Let me tell you a little secret about traveling with my friend Kerri. You’d better be ready to GO. She packs more into a day than almost anyone I know. I’m grateful for this, because I’m a bit of a slug by nature. Each day of our trip was chock full of seeing the sights, driving, talking, eating, listening to music or podcasts, hunting that perfect photo, and exploring anything that caught our interest. Last week, I skipped ahead in our trip to write about Antelope Canyon, but now I’m backtracking to our first day’s adventures: 

Petroglyph National Monument is just outside Albuquerque, New Mexico, and it was our first stop on the trip. After checking in at the visitor’s center for advice on where to go if we didn’t have much time, we settled on Boca Negra Canyon. It was a beautiful morning, with cobalt blue skies and cool temperatures. A few minutes easy walk brought us into an area of tumbled volcanic rock, and the petroglyphs were easily spotted on the dark surfaces. These markings were created by Native Americans and early Spanish settlers approximately 400-700 years ago. This area is considered a sacred landscape by the American Indians, according to the Park Service brochure.

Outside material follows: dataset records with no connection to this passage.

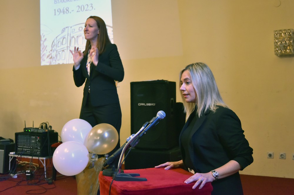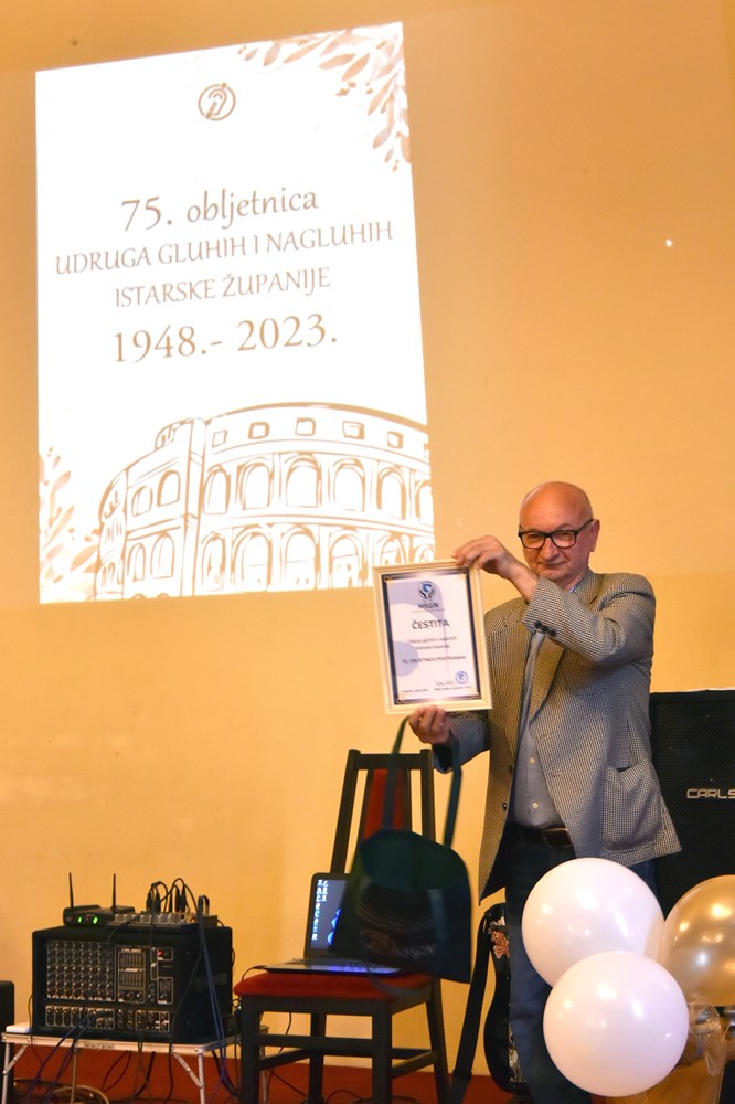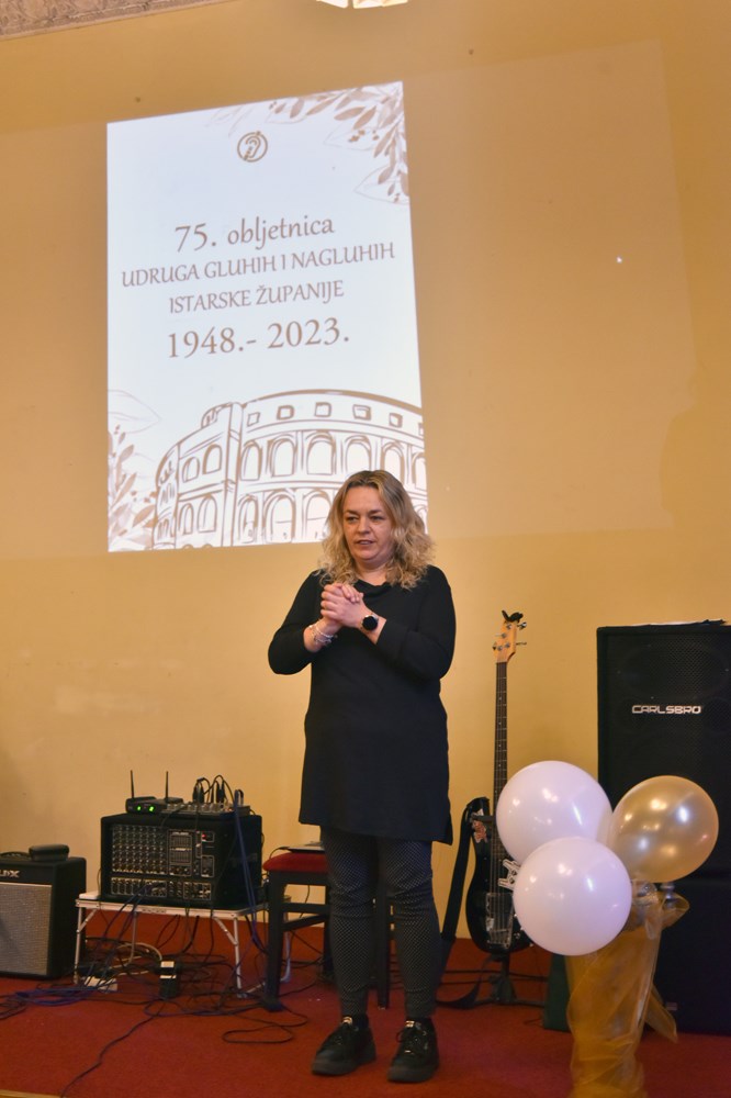 Čak 75 godina postojanja obilježila je danas u Domu hrvatskih branitelja Udruga gluhih i nagluhih Istarske županije. Voditeljica programa proslave bila je Tatjana Vodnik, a na znakovni jezik sve je prevodila Lorena Benčić. Riječ je o jednoj od najstarijih udruga u Hrvatskoj za gluhe i nagluhe, a ujedno i jedna od najstarijih udruga osoba s invaliditetom Istarske županije, od izuzetnog značaja za ove osobe i članstvo. Upravo je te respektabilne godine postojanja posebno naznačila Dijana Vincek, predsjednica Hrvatskog saveza gluhih i nagluhih, u želji da zajedno proslave i stoti rođendan.
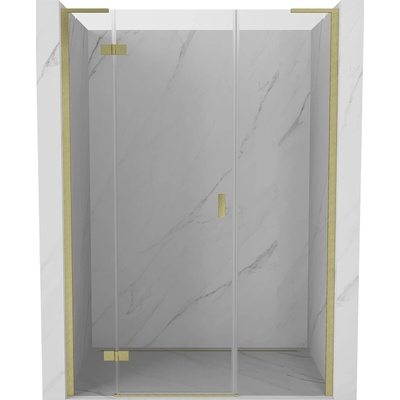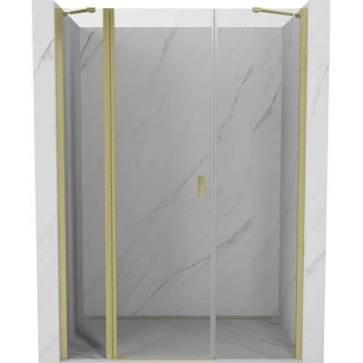 Specifikace produktu: Velikost: 150x200 cm Strana montáže: Levá Vstup: Otočný Barva skla: Transparentní Povrchová úprava: Zlatá kartáčovaná Profil: Hliníkový Stabilizátor úhlový...
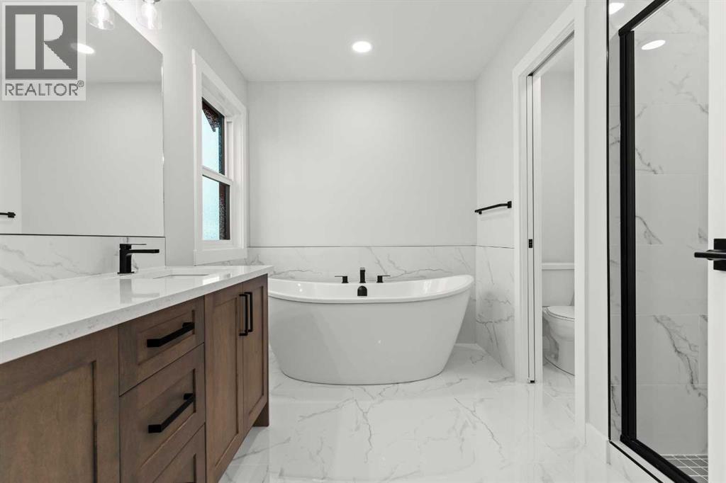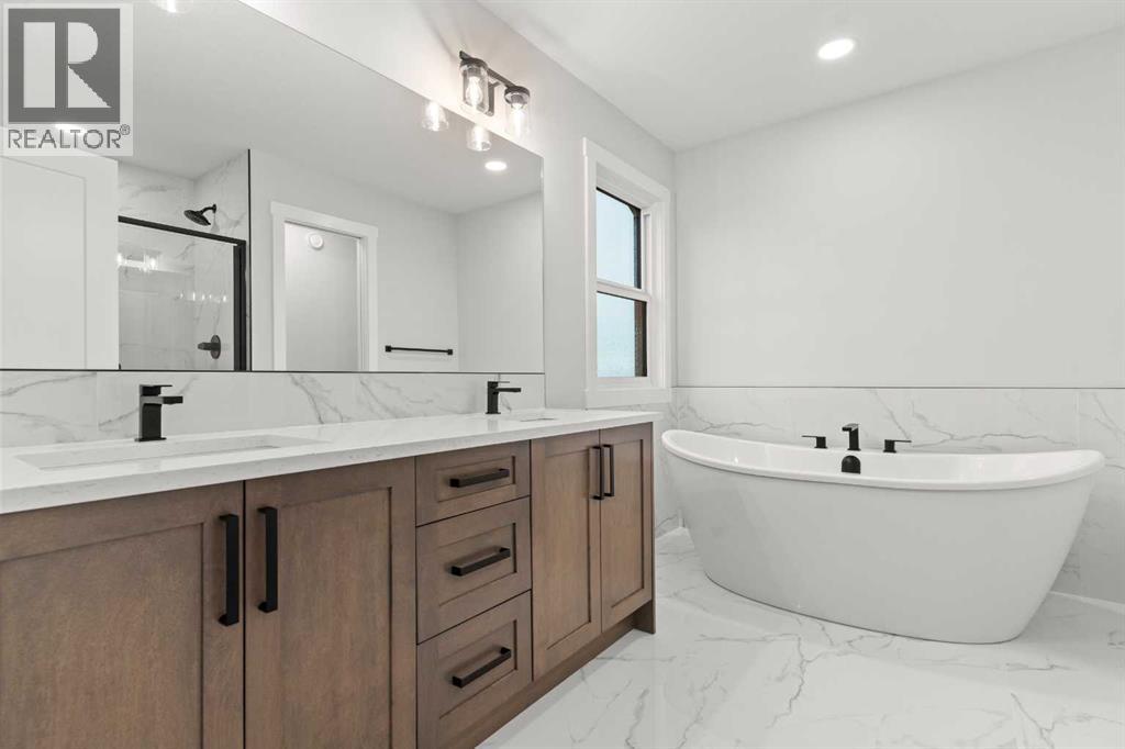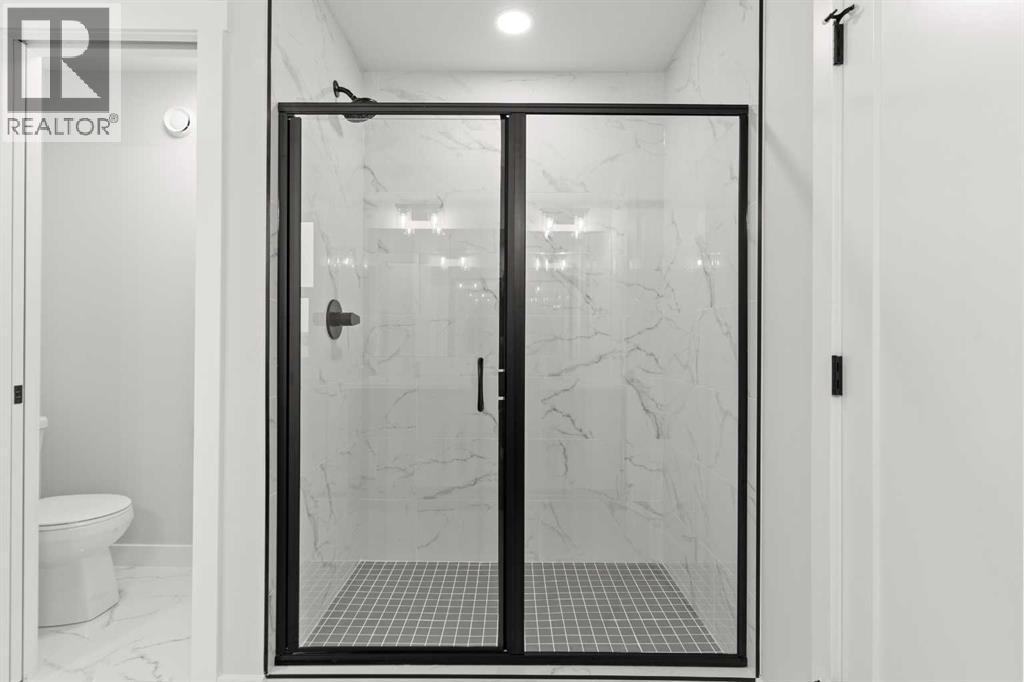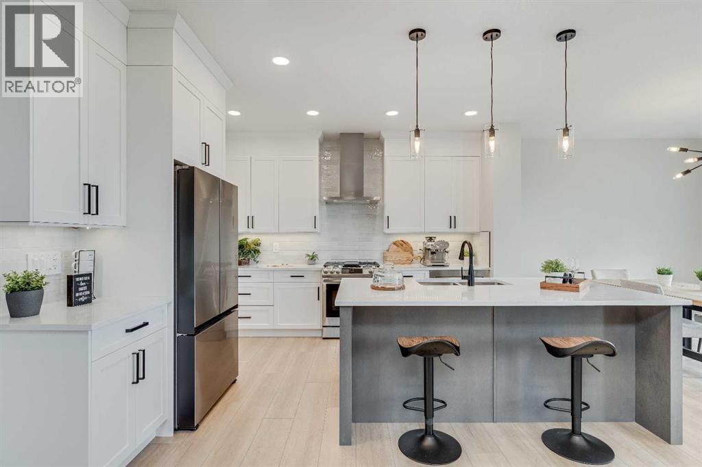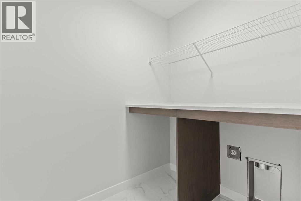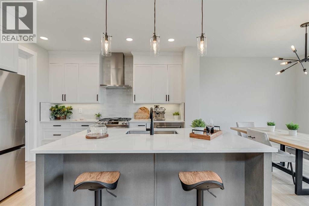 This beautifully designed 2134 SQFT semi-detached home, built by 5-star builder Golden Homes, sits on a conventional lot with an oversized double car front-attached garage, offering the perfect combination of functionality and modern craftsmanship in one of Chestermere’s most desirable communities.The main floor welcomes you with 9-foot ceilings, 8-foot doors, and an open-concept layout that’s both spacious and practical. The heart of the main floor is the upgraded kitchen, featuring two-tone cabinetry—Chantilly Lace white perimeter cabinets and a light wood island—quartz countertops in the kitchen and throughout the home, soft-close drawers with metal sides, and upgraded Samsung stainless steel appliances. The main floor also features a built-in microwave with a luxury stainless steel trim and a walk-in pantry with built-in shelves, ideal for storing everything from food to small appliances and dishware.The main level continues with a large dining area filled with light from the oversized triple-pane windows, a cozy living room with an electric fireplace, and glass sliding doors that lead to your backyard. Additional highlights include a half bath, side entrance, and a finished staircase to the basement, offering endless future development opportunities. The basement is fully roughed-in and includes a separate mechanical room for added safety and convenience.Making your way upstairs, you’re greeted by an oversized staircase with iron spindle railings and an open-to-below feature that adds even more space and light. The primary bedroom offers luxury finishings with a 5-piece ensuite, showcasing a fully tiled shower with glass doors, freestanding tub, double vanity, and a private enclosed toilet. The walk-in closet is custom-designed with built-in drawers and shelving.Two additional bedrooms each have their own walk-in closets and share a well-designed Jack & Jill bathroom with a double vanity and a separated toilet/shower space—perfect for daily convenience. The upper level also includes a laundry room with quartz countertop and shelving.Located in the family-friendly neighborhood of Kinniburgh South, this is your opportunity to own a brand new, thoughtfully upgraded home close to schools, parks, and everyday amenities an be part of the Golden Homes family! Pictures of same model. Selection specification are subject to change. (id:58070)
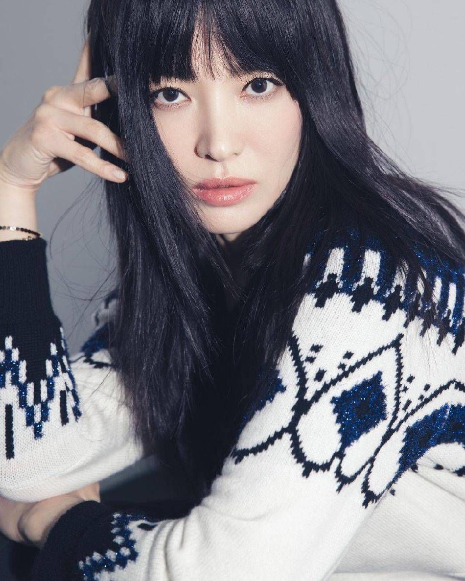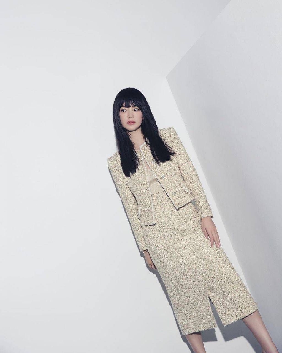 宋慧乔最新写真释出,齐刘海黑色长发散落肩头,搭配千鸟格纹大衣、小香风套装,干练十足。
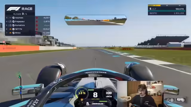 07:58:51Während des Renns kämpft der Streamer darum, von hinten nach vorne zu kommen. Er überholt einige Fahrer, verliert aber durch einen Dreher und eine Zeitstrafe wichtige Positionen. Die Konzentration ist ein zentrales Thema, da der Streamer feststellt, dass der Sprech- und Chatverkehr die Konzentration der Fahrer beeinträchtigt. Trotz der widrigen Umstände und der technischen Schwierigkeiten bleibt die Stimmung im Team hoch, und der Streamer betont die Wichtigkeit eines sauberen, aber entschlossenen Fahrens, um im Rennen Punkte zu sammeln.
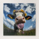 Imagen de una vaca parada en un soleado prado adornada con una vibrante corona floral de margaritas y flores silvestres. La vaca está sacando la lengua, añadiendo un toque de humor y encanto a la escena. El cielo azul intenso y las nubes suaves en el fondo refuerzan aún más el ambiente alegre y caprichoso de la imagen.
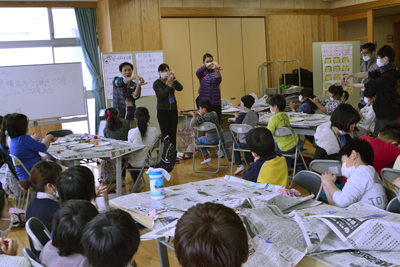 今回の活動場所は気仙沼市立鹿折小学校です。参加した児童、そして私たちは久しぶりの再会を喜びました。学習の時間では児童からたくさんの質問を学生が受けるほど、児童の学習への意識は高く驚きました。
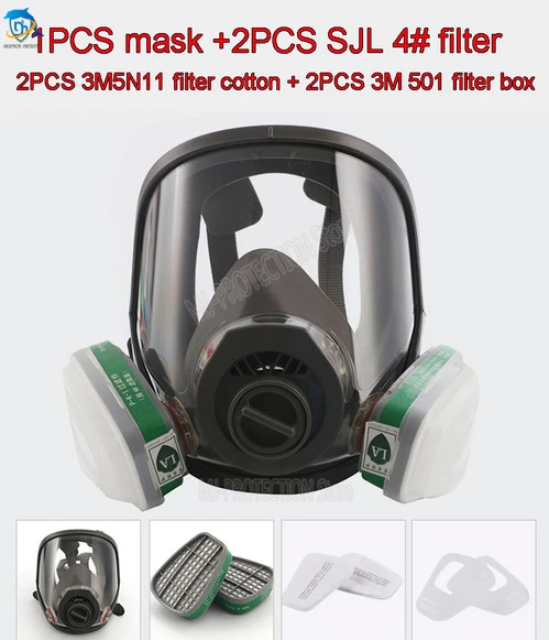 A mask=1PCS mask+ 2PCS SJL 3# filter+2PCS 5N11 filter cotton + 2PCS 501 filter cover Product features: such as benzene and homologues, gasoline, acetone, carbon disulfide, ether, chloropicrin, suitable for painting, pesticide spraying.
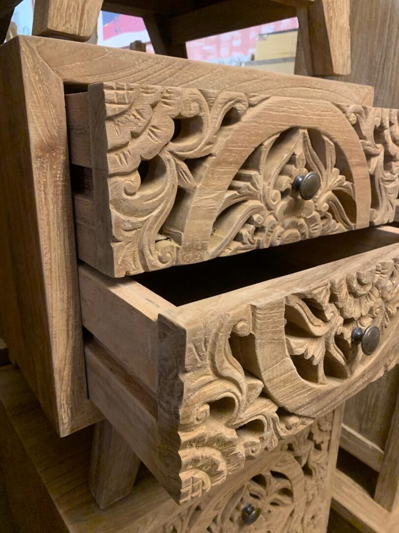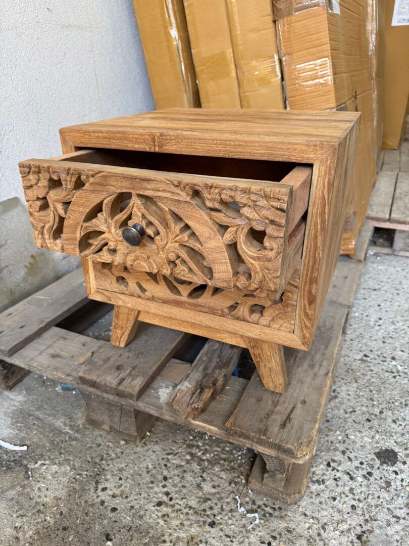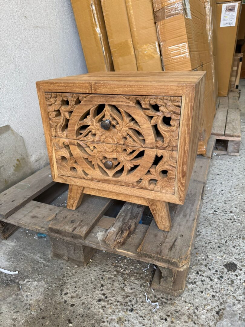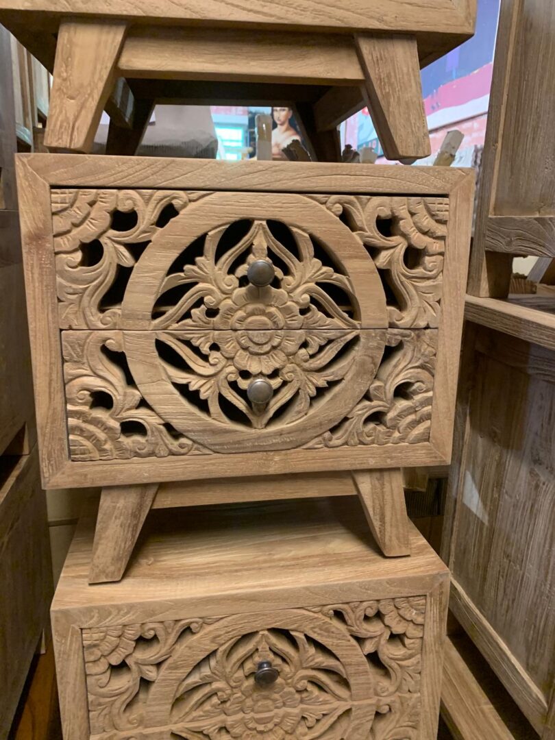 Comodino Teak Ric. 2Css, in legno massello di teak riciclato, realizzato interamente a mano. Cassetti finemente intagliati a mano.

We also caught glimpses of the wildlife of the area—rabbits, quail, lizards, and what might have been ground squirrels or prairie dogs—they were too fast and too far away to tell.



 Our next stop was a roadside attraction we stumbled upon:



Located in a collapsed lava tube, the ice on the floor is approximately 20 feet deep. The deepest ice dates back to 1100 AD. Arctic algae causes the ice’s green tint.




We finished off the day sunset gazing on the way to Cottonwood, Arizona:




Where we stayed at the delightful Iron Horse Inn.


In our next installment, our intrepid travelers discover perhaps the world’s most delicious breakfasts, cliff dwellings, and even more stunning rock formations.

*Kerri dubbed her Facebook photo album for our trip “An Enchanted Meander”—and I’m shamelessly appropriating the name.

Adventure

Where the Wind Lives

April 19, 2017

 

This is installment one of my 2017 Arizona/New Mexico road trip adventures with my friend Kerri. 

As we bumped down the dirt road to the mouth of the canyon, tour company owner Jackie told us that Navajo culture is matriarchal, and the land we were seeing belonged to her mother. The rocky landscape was her home, the place she felt most comfortable. Just before she dropped us off, her words captured my imagination: “This is where the wind lives.”

Antelope Canyon, near Page, Arizona, is one of the most visited slot canyons in the Southwest. (Slot canyons are narrow, deep canyons carved by water.) Tours go to Upper and Lower Antelope Canyon, as well as a few lesser-known canyons. We chose to visit “Canyon X,” with Taadidiin Tours (no affiliation).

After Jackie dropped us off, we descended into the canyon itself, where we were met by a guide. The sandstone curves, swirls, and corkscrews, carved by wind and water into sinuous shapes. Colors range from pale peach to deep purple, depending on the angle of the sun. 




When the sun shines into the canyon just right, you can see the elusive trademark Antelope Canyon shaft of light. As we walked deeper between the curving walls, we saw our first one. (The guides toss fine sand into the air so it shows up in photos.)



If ever there is a place to look up, look down, look all around, it is here.

Looking up
The guides helped us with our camera settings so we would get the best shots, and though they kept an eye on us, they allowed us to freely explore. It wasn’t mobbed with people the way the Upper and Lower Antelope Canyon tours can be, and we were able to take our time exploring, taking photos, and soaking up the peaceful atmosphere. I was even able to sit quietly and make a quick sketch of a section of the canyon. (The challenge will be mixing watercolor representative of the shades of rock I saw!) 

A few more photos: 

Canyon resident

Looking down into the canyon entrance from where we were dropped off.